Telomerase inhibitor aids transfusion independence in LR MDS trial

Positive top-line results have been released from a Phase III trial evaluating imetelstat, a first-in-class telomerase inhibitor versus placebo. The IMerge Phase III trial assessed the effect of the oligonucleotide in lower risk myelodysplastic syndromes (LR MDS) in patients who were relapsed, refractory or ineligible for erythropoiesis stimulating agents (ESAs).

“The results…[presented] compelling durability of transfusion independence,” stated Dr John A Scarlett, Geron’s Chairman and Chief Executive Officer. Data showed that 40 percent of patients did not need blood transfusions for eight weeks. The same group experienced a median duration of being transfusion-free for nearly one year.

IMerge Phase III trial

IMerge Phase III assessed 178 patients with IPSS Low or Intermediate-1 risk (lower risk) transfusion dependent MDS who were relapsed after, refractory to, or ineligible for, ESA treatment, had not received prior treatment with either a hypomethylating agent (HMA) or lenalidomide and were non-del(5q).

The clinical study for the telomerase inhibitor met its primary efficacy endpoint of eight-week TI and a key secondary endpoint of 24-week TI.

Data showed a highly statistically significant and clinically meaningful difference between imetelstat and the placebo comparator arm for the primary endpoint of eight-week TI and key secondary endpoint of 24-week TI.

• Highly statistically significant (p<0.001; hazard ratio 0.23) durable transfusion independence for eight-week TI responders was achieved with a median TI duration approaching one year for imetelstat, compared to approximately 13 weeks for placebo, using Kaplan-Meier estimates
• The median TI duration was approximately 1.5 years (80 weeks) for imetelstat 24-week TI responders.
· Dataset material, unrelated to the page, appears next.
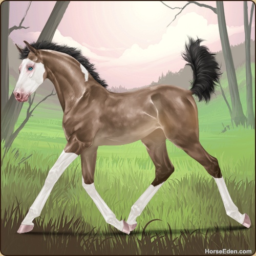 Color: Brown Buckskin Tobiano Splash White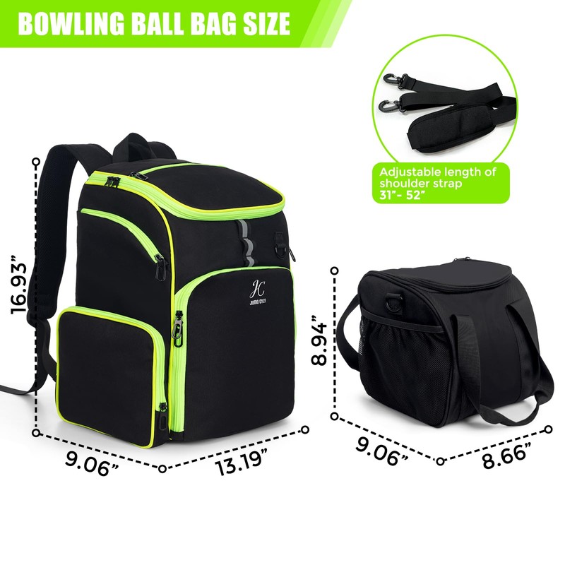 - HIGH QUALITY: This bowling ball backpack is made of sturdy materials to ensure it can withstand the weight.The top zipper pocket and side square pockets are lined with a waterproof coating process.Dimension of backpack: 13.19” *9.06” *16.93”. 33L capacity(Weight: 0.34kg).Dimension of bowling tote bag: 8.66” *9.06”*8.94”.The Softball backpack is a ideal size for youth player and adult

Median time on study and median time on treatment for patients in the IMerge Phase III trial was approximately 20 months and eight months, respectively, and approximately 18 months and seven months for placebo, respectively.

Transfusion independence results across lower risk MDS subtypes

• Statistically significant (p<0.05) eight-week TI was demonstrated with imetelstat versus placebo across LR MDS subtypes, including RS+ and RS- status, high and very high transfusion burden and IPSS Low and Intermediate-1 risk status
• Similar eight-week TI responses were seen within each subtype category.

Haemoglobin data for imetelstat in the Phase III trial

Mean haemoglobin levels in imetelstat patients increased significantly (p<0.001) over time compared to placebo patients.

For patients achieving 8-week TI:

• Median increases in haemoglobin were 3.6g/dL for imetelstat and 0.8g/dL for placebo
• Patients also experienced a statistically significant (p=0.042) and clinically meaningful mean reduction in red blood cell (RBC) transfusion units compared to placebo
• A highly statistically significant (p<0.001) hematologic improvement-erythroid (HI-E) rate was achieved for imetelstat (42.4 percent) versus placebo (13.3 percent) using the IWG 2018 criteria for HI-E.

Safety results of the IMerge Phase III trial

Treatment emergent adverse events (TEAEs) observed in the Phase III trial were consistent with the known safety profile of imetelstat from prior clinical trials and no new safety signals were found.

The most common non-hematologic TEAEs (≥10 percent) in the imetelstat group included asthenia, COVID-19, peripheral edema, headache, diarrhoea and alanine aminotransferase increase.

The most frequent hematologic TEAEs in the IMerge Phase III trial were Grade 3/4 thrombocytopenia (61.9 percent imetelstat vs. 8.5 percent placebo) and neutropenia (67.8 percent imetelstat vs. 3.4 percent placebo).

“As a once per month out-patient IV therapy, imetelstat will hopefully become a novel treatment option for lower risk MDS patients in the near future,” commented Dr Uwe Platzbecker, a principal investigator of IMerge Phase III.

“… imetelstat… could become a first-in-class therapy for lower risk MDS patients. The meaningful clinical results observed in the trial, including duration of TI, increases in haemoglobin levels, decreases in transfusions and reductions in mutation burdens, suggest imetelstat treatment may be altering the course of the disease,” concluded Faye Feller, Chief Medical Officer of Geron.

Geron plans to present additional data from IMerge Phase III at medical meetings later in 2023.

Regulatory submissions planned for imetelstat

“US and EU regulatory submissions [are planned for] 2023, as well as… a potential US commercial launch,” explained Dr Scarlett.

The potential US commercial launch for the telomerase inhibitor is planned for the first half of 2024 and by the end of 2024 in the EU, assuming regulatory approvals are granted.